Mais l’exigence initiale d’un retour au pouvoir de M. Keïta ne paraît plus à l’ordre du jour, et les analystes notent une inclination au pragmatisme chez les partenaires du Mali.
– Missions de l’UE suspendues –
L’entrevue, présentée comme une prise de contact d’une heure environ, s’est déroulée dans les locaux de l’état-major du camp de Kati, à une quinzaine de kilomètres de Bamako, devenu le quartier général du nouveau pouvoir. Elle doit être suivie d’une autre, samedi, en présence du chef de la junte, le colonel Assimi Goïta, absent mercredi, selon des participants.

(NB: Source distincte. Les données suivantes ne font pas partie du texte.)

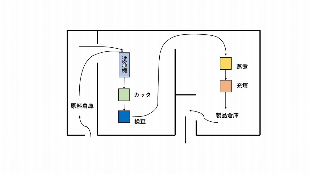 流れ線図は、職場や機械設備の配置を示したレイアウト図に、生産工程における基本的要素からなる工程系列を、1本の実線により結んで流れを記入したもの。
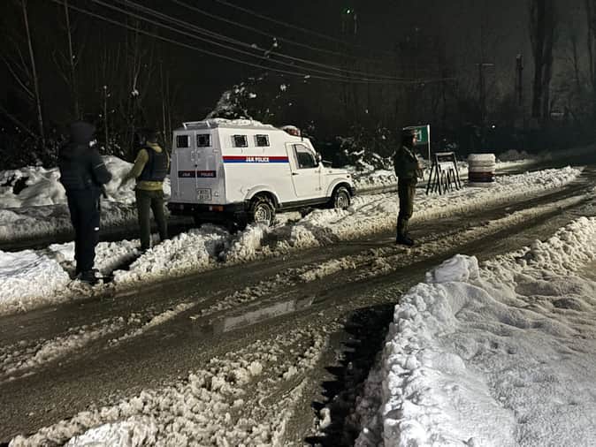 बारामुला में बर्फ में फंसे वाहन निकलवाती पुलिस। संवाद
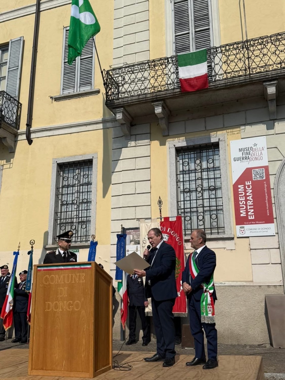 Le celebrazioni sono state organizzate in collaborazione con il Comando provinciale del Carabinieri di Como e con il patrocinio del Consiglio Regionale di Regione Lombardia, la provincia di Como, l’associazione nazionale dei Carabinieri, l’Associazione nazionale dei partigiani d’Italia, la rete museale dei Paesaggi della memoria, la sezione del gruppo alpini di Dongo, l’associazione nazionale dei reduci della prigionia. Il primo intervento della cerimonia evocativa è stato quello del Prefetto di Como, Corrado Conforto Galli che ha sottolineato come “fare memoria è un atto di responsabilità civile fondamentale per educare i giovani alla costruzione di una società migliore”. Il generale Antonino Neosi dell’Arma dei Carabinieri – che sarà anche relatore nel pomeriggio del convegno storico – ha poi sottolineato “la forza del legame tra carabinieri, sempre presenti sul territorio, e la cittadinanza durante tutta la storia italiana”. Il Colonnello Francesco Falcone, comandante provinciale dei Carabinieri di Como ha invece ricordato come “molti Carabinieri parteciparono alla resistenza, restando al loro posto per proteggere la popolazione anche nei momenti di estrema difficoltà. Una missione che svolgono ancora oggi” e ha citato la figura di Salvo d’acquisto che si autoaccusò di essere l’ideatore di un attentato che non aveva commesso per salvare 22 civili. Alessandro Fermi, assessore di Regione Lombardia- ha esaltato la figura dei Carabinieri “quale colonna portante della storia d’Italia e a cui dare quotidianamente riconoscenza” per poi sottolineare “il grande senso di comunità che contraddistingue Dongo e alto lago con le associazioni del territorio sempre disponibili senza chiedere nulla in cambio”. Il Presidente della Provincia, Fiorenzo Bongiasca ha rimarcato ancora l’importanza storica di Dongo, dove la memoria si fa concreta. “È bello avere presenti tanti giovani perché sono loro i futuri custodi della memoria”, ha detto il presidente. Albertina Soliani, vicepresidente nazionale ANPI ha ricordato gli 80 anni della Repubblica fondata su libertà uguaglianza solidarietà e pace con il ripudio della guerra. Valori fondanti della Costituzione, bussola per il destino dei popoli”. Milena Bertani, Presidente AICCRE si è detta colpita dalla qualità di approfondimento dei ragazzi, e certa che crescendo questi potranno restituire un futuro migliore. Sottolineando infine l’importanza dei gemellaggi tra i territori per creare relazioni solide a livello internazionale. Ha concluso la carrellata degli interventi Pietro Puccio, sindaco di Capaci che ha lodato i lavori dei ragazzi che hanno adornano la piazza rivolgendosi a loro con queste parole: “Avete fatto memoria attiva, mi auguro che questa memoria attiva venga diffusa in tutte le scuole. In Sicilia non abbiamo vissuto la guerra di liberazione perché sono arrivati prima gli americani, ma abbiamo vissuto e continueremo a vivere la lotta alla mafia, è quella la nostra guerra di liberazione e i carabinieri sono sempre stati e sono in prima linea in questa lotta”.
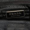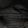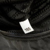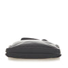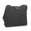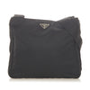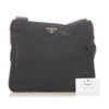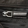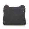 This crossbody bag features a nylon body with leather trim, an adjustable flat strap, a top zip closure, and an interior zip pocket.
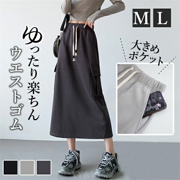 ロングスカート タイトスカート ウエストゴム スウェット 韓国系 ハイウエストスカート レディース シンプル デイリー 春 夏 秋 オールシーズン ゆったり M L 美脚 体型カバー 脚長 華奢見せ ジム通い 大人かわいい ポケット
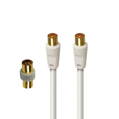 CORDON TV MÂLE/MÂLE 9,52MM BLANC 5M + ADAPTATEUR FEMELLE
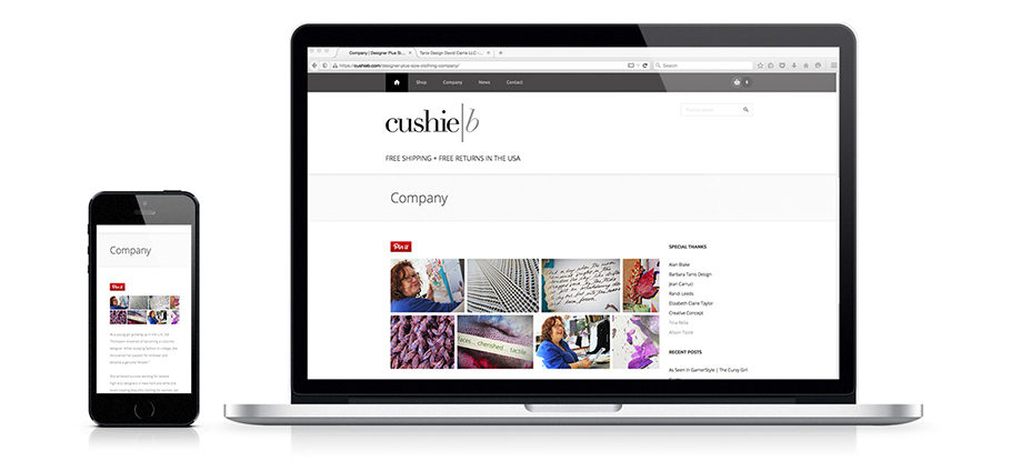 Fashion designer and cushie b founder Valerie Thompson saw the need for herself and other full-figured women to have an expanded range of fashion options. So Thompson created her company offering a full line of plus-size clothes that are stylish, timeless and beautiful. She came to us to help her launch and maintain her business.
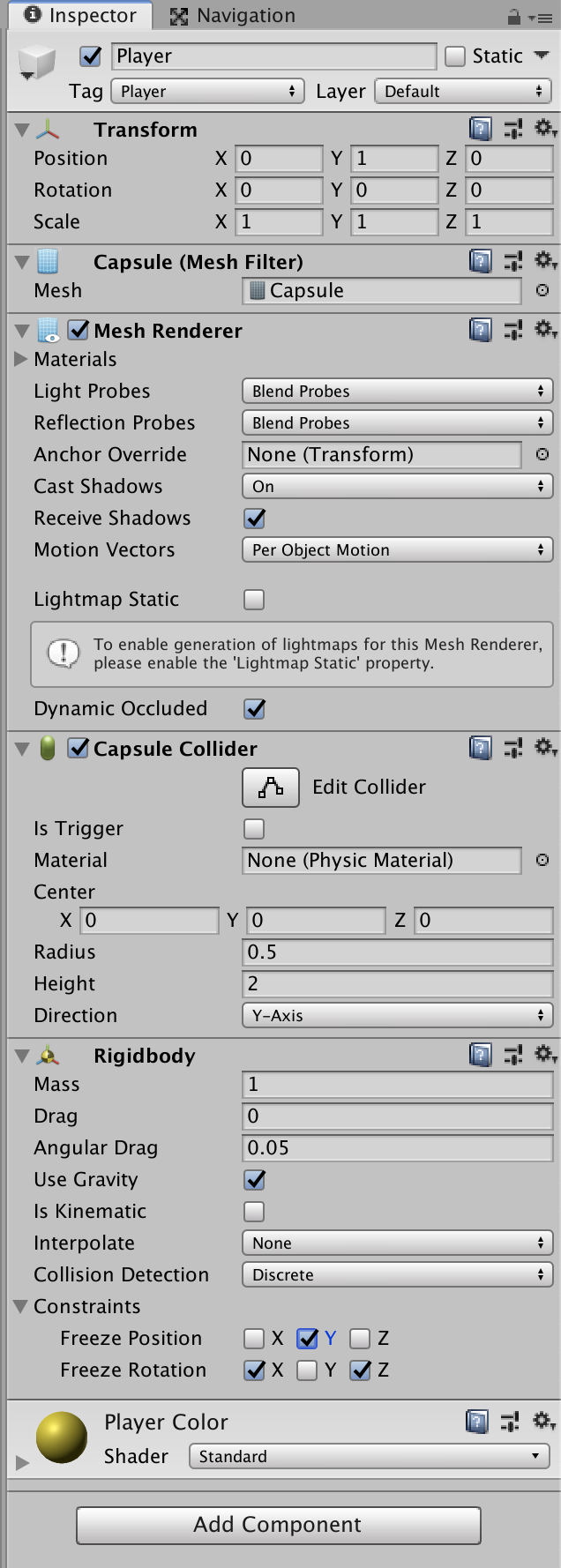 Create > 3D object > Capsule로 생성하고 이름을 알아보기 쉽게 Player로 지정한다. (아까 만든 Cube도 이름을 Wall로 해주면 좋다) Position(0, 1, 0)으로 하면 Plane 위에 서 있게 된다. Plane Color와 동일하게 Player Color를 생성하고 Player에 넣어주었다.
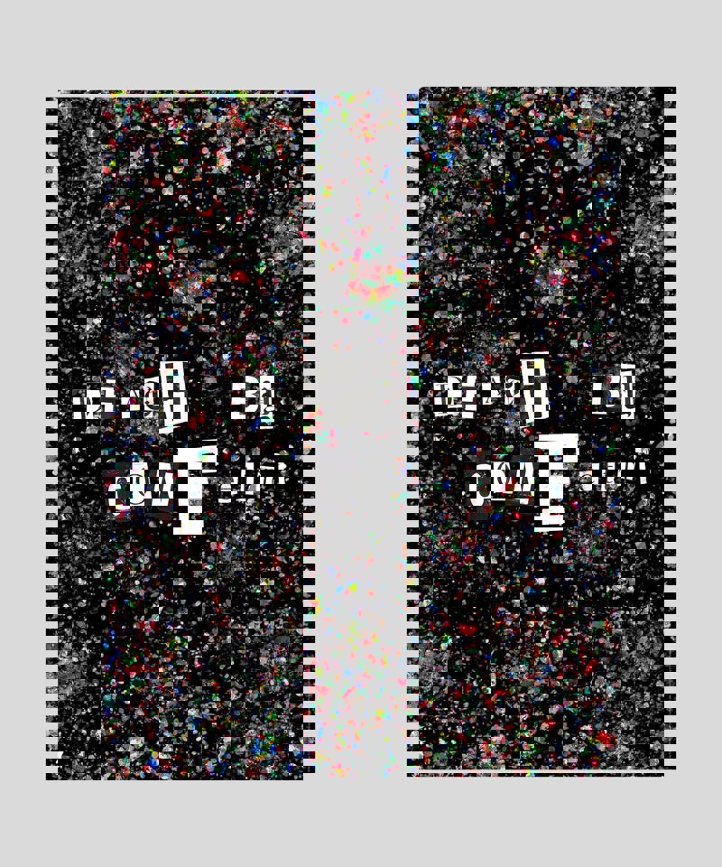 「デス・バイ・コンフェティ」ポスターは、同名の骸骨が散りばめられた絵画シリーズからインスピレーションを受けています。ハリウッドとパパラッチの圧倒的(そしてしばしば魂を消耗させる)雰囲気への批評として、ジョニーのサイケデリックな紙吹雪は、無数のパパラッチから浴びせられる大量のフラッシュ、あるいはハリウッドドリームの甘く飾られた人工的な約束と解釈できます。いずれも必然的に骸骨の内面と外面の崩壊へと導きます。ゴシック調の文字と真っ黒でぽっかりと広い空間を通じて、絵画のブラックコメディ的な性質が暗示されています。
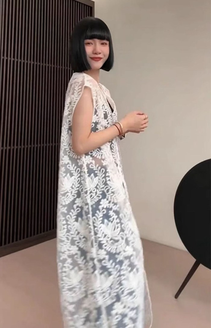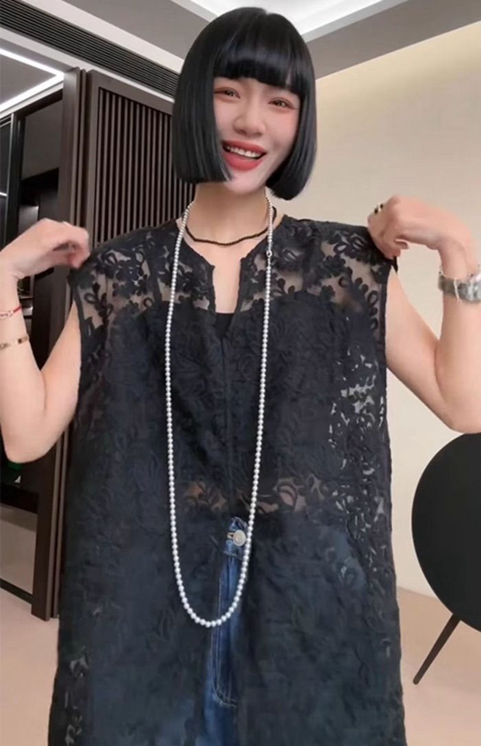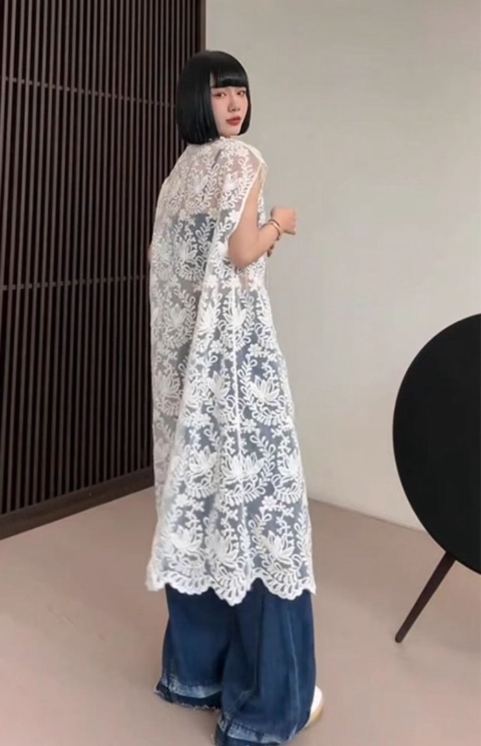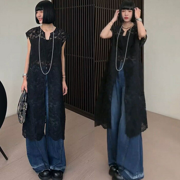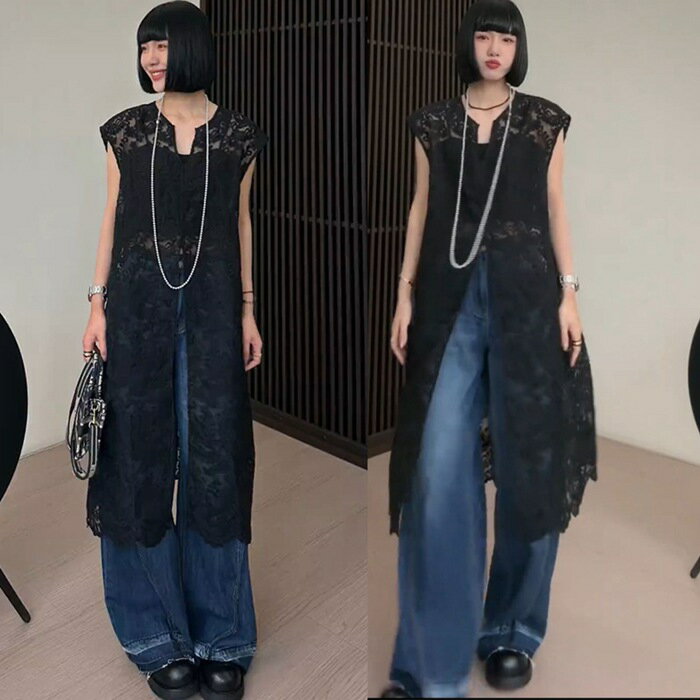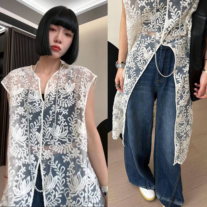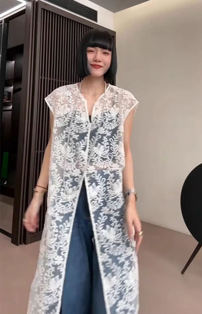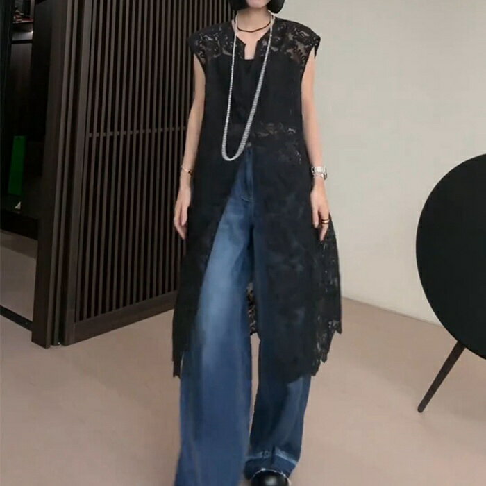 総レースベスト ロング丈 刺繍 上品 レディース 夏 vネック ベスト レディース 総レース ロングベスト 透け感 シースルー トップス ロング ノースリーブ 羽織り 重ね着 レイヤード 上品 エレガント フェミニン おしゃれ
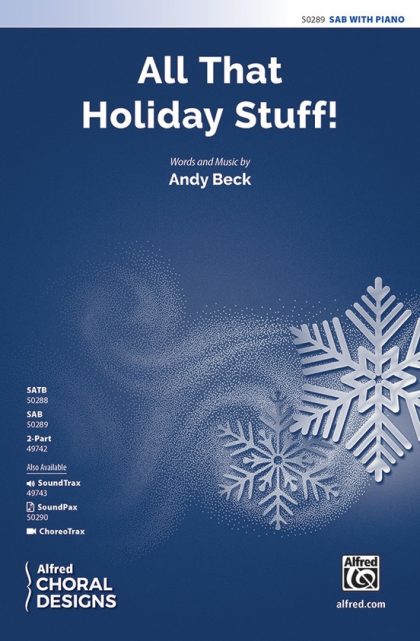 An opening solo sets the stage for what unfurls into a pizzazzy listicle of holiday decorations, characters, treats, attire . . . stuff! Andy's musical theater style shines from the moment the curtain parts to the final kickline. This holiday showstopper that craves choreography, so check out the free ChoreoTrax or design your own razzmatazz routine. A sparkling, twinkling gem of jolly that pulls out all the stops!

« Nous sommes disponibles pour accompagner ce processus » de transition, a affirmé Issa Kaou Djim, un proche de l’imam conservateur Mahmoud Dicko, figure la plus influente du M5. Pourtant, l’imam Dicko avait déclaré être résolu à retourner à sa mosquée et à quitter la scène politique, rappelle Tract.
Cette coalition hétéroclite, composée d’opposants politiques, de chefs religieux et de membres de la société civile, a mené, après les législatives contestées de mars-avril, une fronde sans précédent contre le président Keïta.
La junte a aligné ces derniers jours les prises de contact, non seulement avec les représentants de la société civile, mais avec les ambassadeurs des membres permanents du Conseil de sécurité de l’ONU, le commandant de la force française antijihadiste au Sahel Barkhane, ou encore le chef de la mission de l’ONU au Mali (Minusma), Mahamat Saleh Annadif.
Mercredi, l’UE a annoncé avoir suspendu « temporairement » ses missions de formation de l’armée et de la police au Mali « en raison des circonstances », selon le chef de la diplomatie européenne, Josep Borrell, à l’issue d’une réunion à Berlin des ministres européens de la Défense.
Selon des responsables européens, la Mission européenne de formation l’armée malienne (EUTM Mali) a entraîné environ 18.000 soldats au Mali depuis son lancement en février 2013.
Sous-équipée, mal formée et mal dirigée, l’armée malienne avait connu une débâcle face à des groupes armées, notamment jihadistes, qui ont occupé les deux-tiers du pays pendant plus de neuf mois en 2012-2013, avant d’être chassés par une intervention militaire internationale lancée par la France.